In particular, Bulgaria wants to register and maintain a country code in Cyrillic, ending in ".бг".
The news comes a year after the agency forecast that Cyrillic would be put to Internet use by 2010 following a Bulgarian-Korean project, which set out a year ago.
The letter, carrying the signature of SAITC head Plamen Vachkov, was handed in to the president of the Internet Corporation for Assigned Names and Numbers (ICANN), Paul Twomey.
A decision to this effect is expected on June 26, when ICANN officials will be considering at a Paris-hosted conference the creation of first-level multilingual domains.

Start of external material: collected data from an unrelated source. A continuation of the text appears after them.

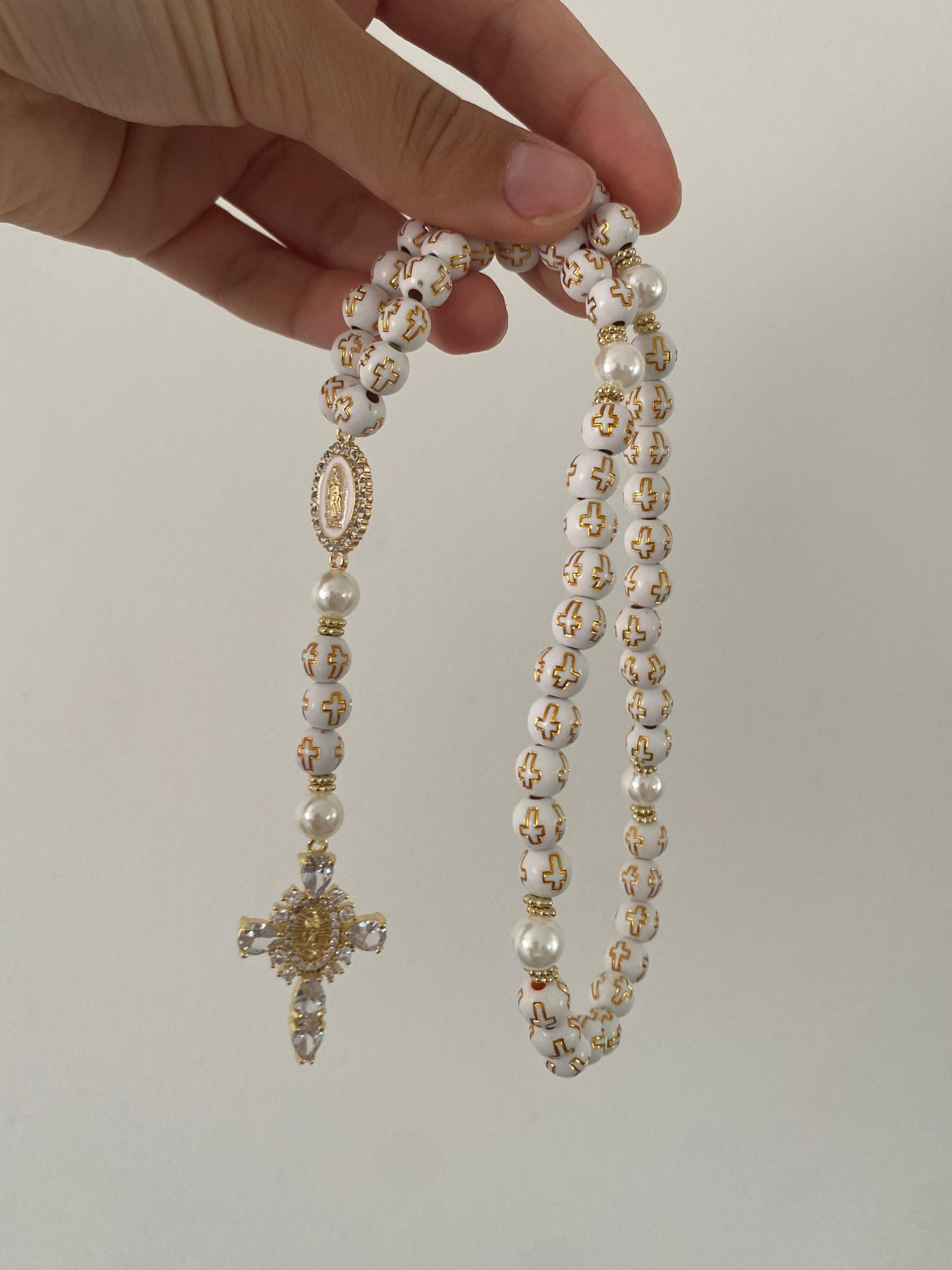 Le Chapelet Foi Doré, composé de perles blanches lumineuses se distingue par ses perles blanches décorées de petites croix dorées, rappelant la pureté, la paix et la lumière divine.
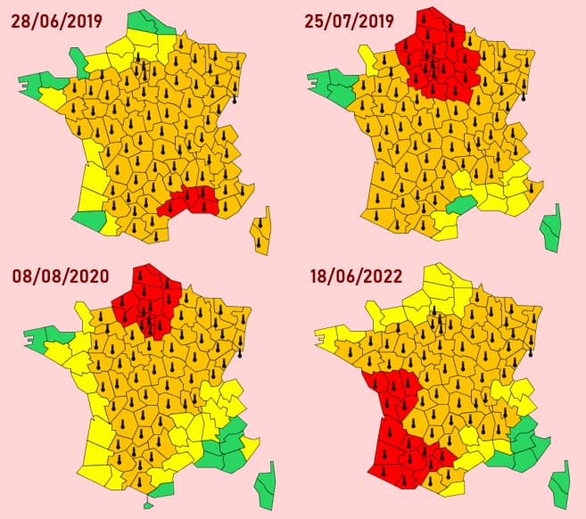 Quatre vigilances rouge canicule ont été déclenchées en France depuis 2019 - via Météo France
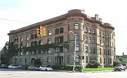 The Coronado is a four-story Romanesque apartment building built on a high basement.[2] It is constructed of yellow brick and rusticated sandstone with a flat roof and architecturally designed elevations on both the Second and Selden avenues sides. The Second Avenue façade is primarily symmetrical, with three entrances and open loggias on the floors above each. The façade is terminated at the south end by a curved bay window and at the north (Selden) corner by a round turret.[2] The building is divided horizontally, with rusticated sandstone forming the outer walls up through the second story, and yellow brick above. A broad cornice and wide panelled brick frieze, pierced with ventilation holes, tops the building.[2]
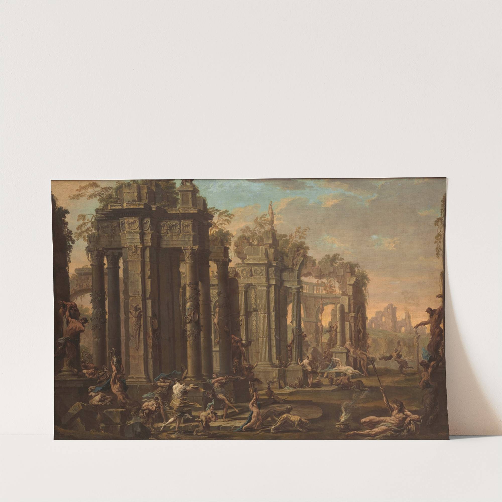 This art print captures "Bacchanal" by the renowned artist Alessandro Magnasco in a stunning Baroque style. The composition is rich with detailed architectural elements, featuring tall, ornate columns adorned with intricate carvings and foliage at their summits. In the foreground,...
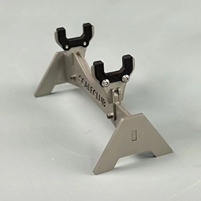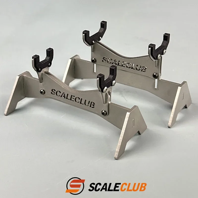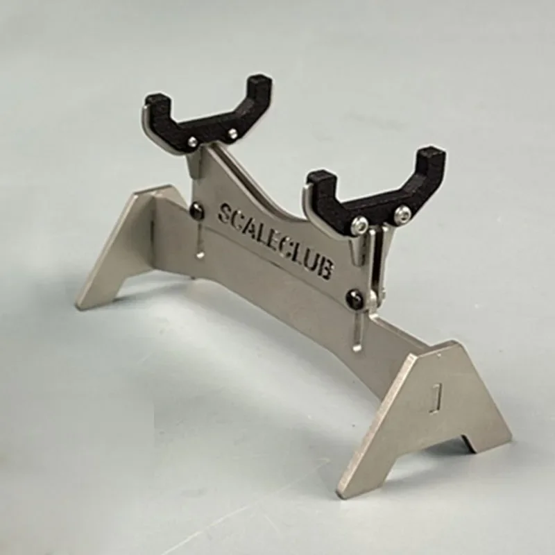 Elevate your RC truck collection with this durable metal display and maintenance stand designed for 1/14 scale models such as Tamiya SCANIA 770S R620, FH16XL 750, Benz Arocs, and MAN TGX series. Its sleek, industrial silver finish features a sturdy rectangular base with a subtly engraved brand name “SCALECLUB.” The black U-shaped upright arms with top hooks, connected by a fine metal wire, provide stable support for assembly, maintenance, and display of detailed truck models and dump trucks. Crafted for hobbyists aged 14 and above, this stand requires no electrical components, batteries, or power sources, offering a reliable, stylish solution for showcasing high-quality RC vehicles.
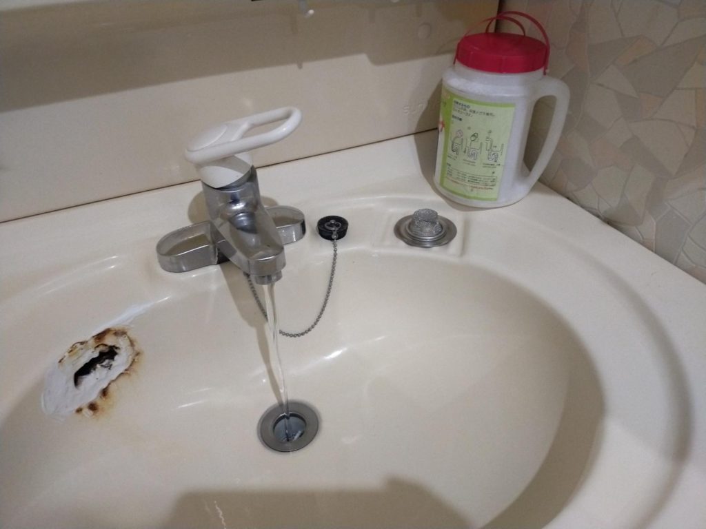 薬品にも種類がかなりあるのですが、当社が使用しているものは汚れを分解する力が非常に強いものです。人体にも有害なものですので扱いは要注意です。使用するときは窓を開けて換気しながら行うのがポイント。薬品が配管に残ってもダメなので十分に流水して、異常がないかを確認して完了させて頂きました。
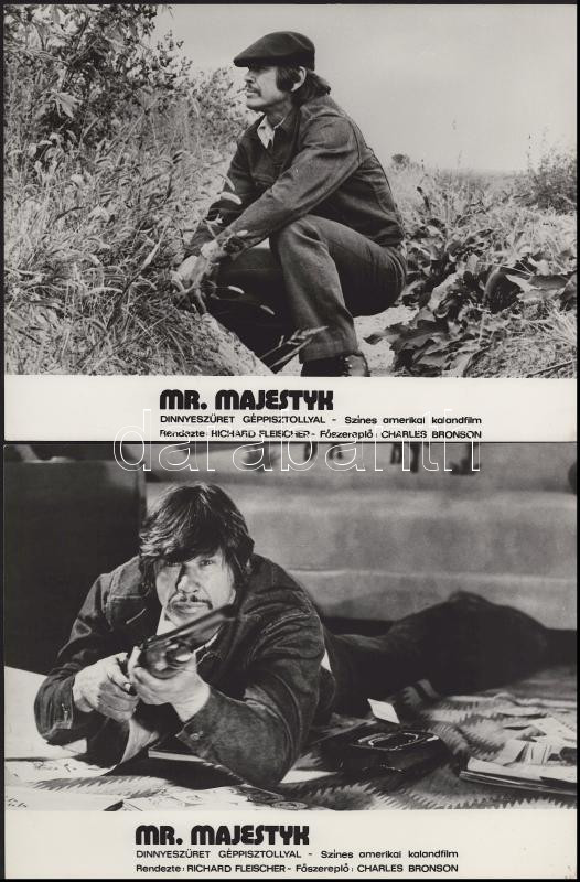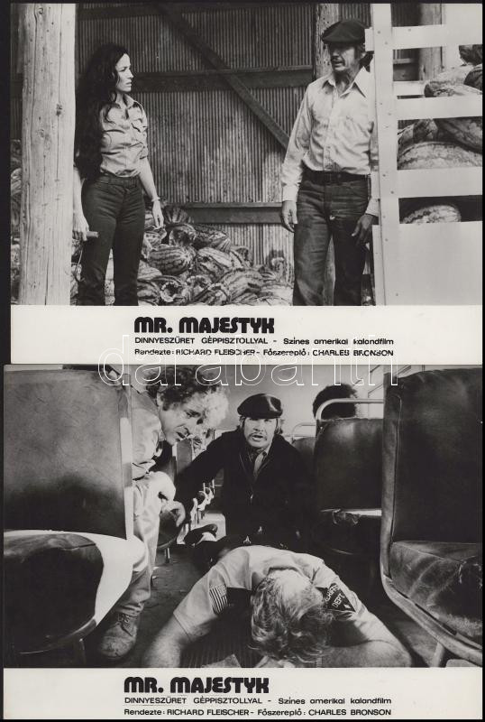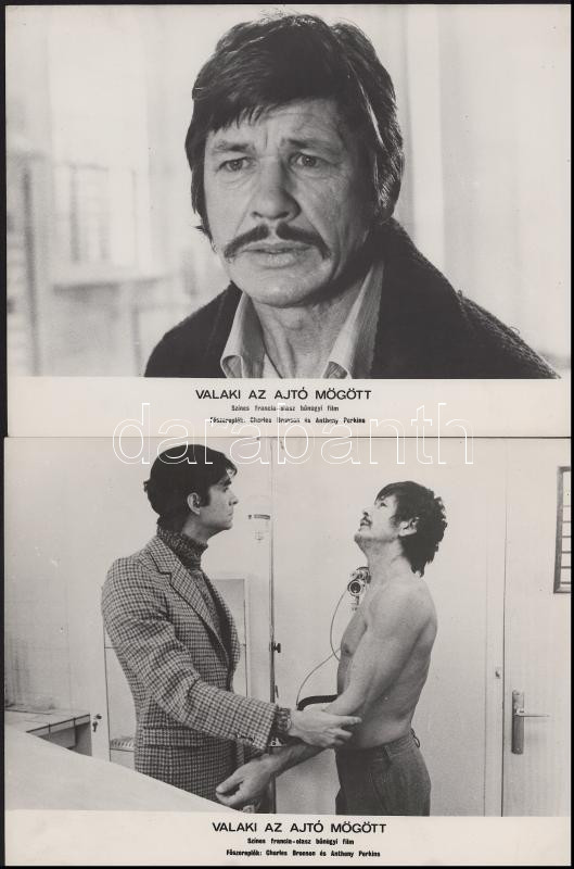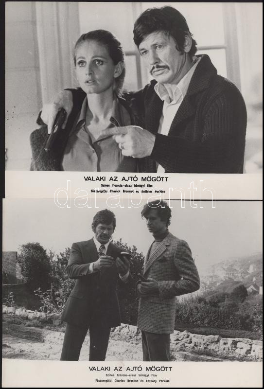 Charles Bronson főszereplésével készült filmek (Valaki az ajtó mögött; Mr. Majestyk) jelenetei és szereplői, 13 db vintage produkciós filmfotó (vitrinfotó, lobbyfotó) ezüst zselatinos fotópapíron, a használatból eredő (esetleges) kisebb hibákkal, 18x24 cm
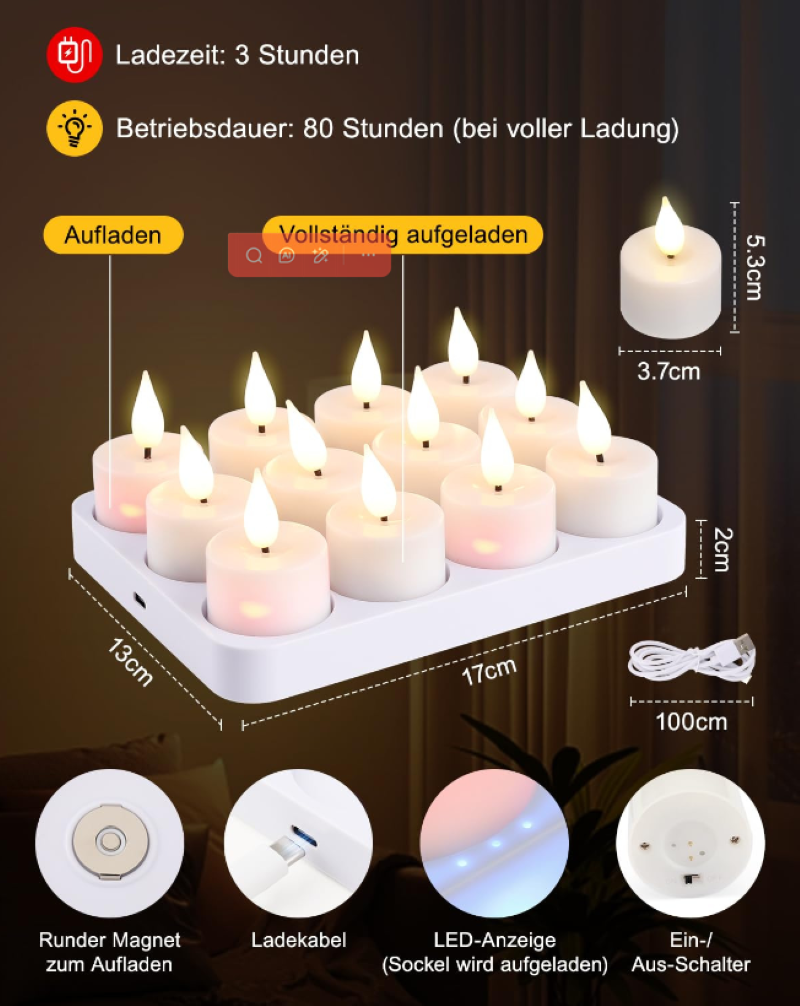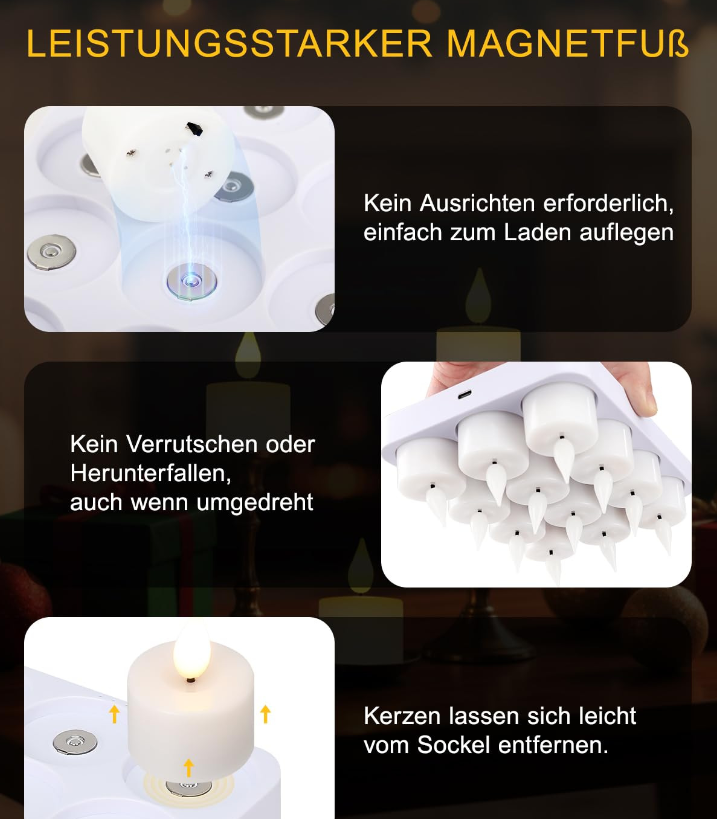 O pacote é cuidadoso e prático: vem com uma base de carregamento + um fio complementar, permitindo carregar várias velas simultaneamente, e é conveniente para armazenamento; a forma pequena é adequada para vários cenários – colocando em uma mesa de centro, pendurado na parede ou complementando uma árvore de Natal, basta colocar em qualquer lugar e vira uma obra-prima da atmosfera.
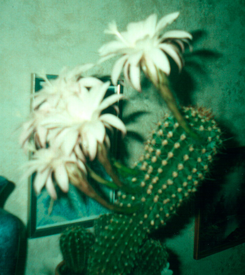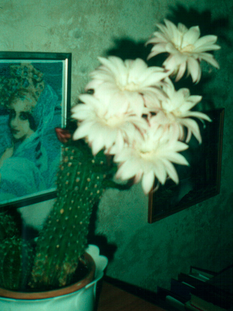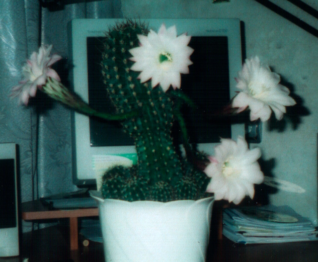 Вот так когда-то цвели мои эхинопсисы. Жаль фото некачественное, снимали давно простой "мыльницей".
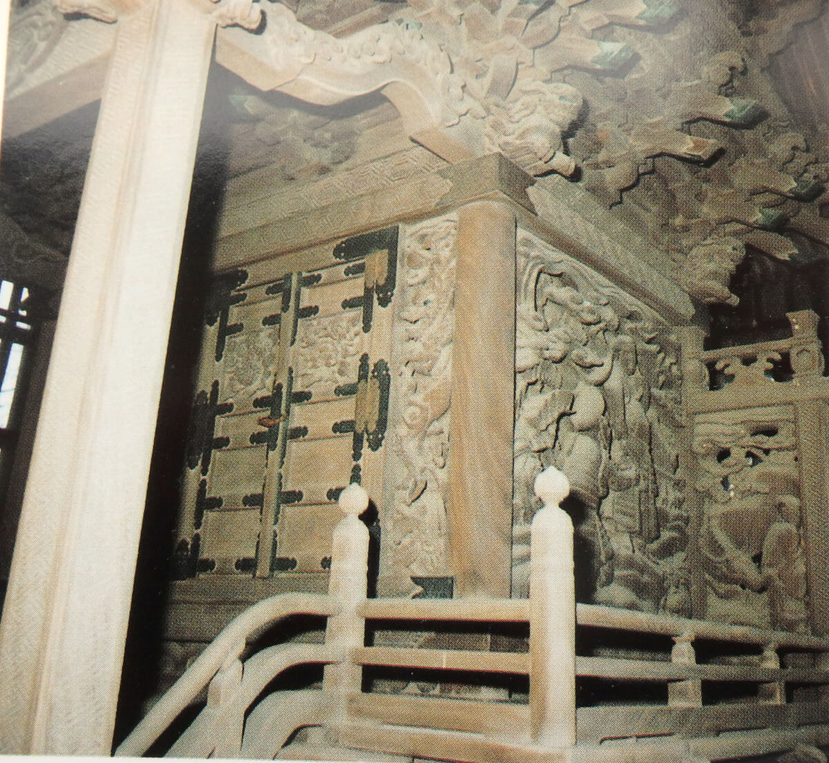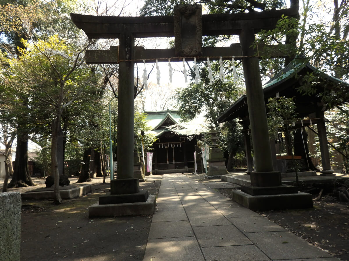 上石原村の鎮守若宮八幡神社は、八幡坂(番号④)を上がってハケ上のある。近藤勇の生家(宮川家)も氏子であり、近藤勇とも縁がある神社だ。本殿は調布市の建造物有形文化財指定第1号となっている。幣束収納箱の蓋裏に文化4年(1807)棟梁入間郡中藤村の杉田石見頭政永・同喜兵衛と墨書きがあり再建年代などが分かった。精緻な彫刻が一面に施されている。(覆堂があり中が見えない)

In related news, this autumn SAITC will invite to Sofia all countries using the Cyrillic alphabet, namely Belarus, Bulgaria, Kazakhstan, Kyrgyzstan, Macedonia, Mongolia, Russia, Serbia, Tajikistan, Uzbekistan and Ukraine. Participants are expected to consider internet names allocation across countries using the Cyrillic alphabet.
Following the ICANN decision to allow top-level domains in non-Latin script, Bulgaria's Transport Ministry said it is preparing its application
A June 26 EU decision would make registering domain names in Bulgarian and Greek possible.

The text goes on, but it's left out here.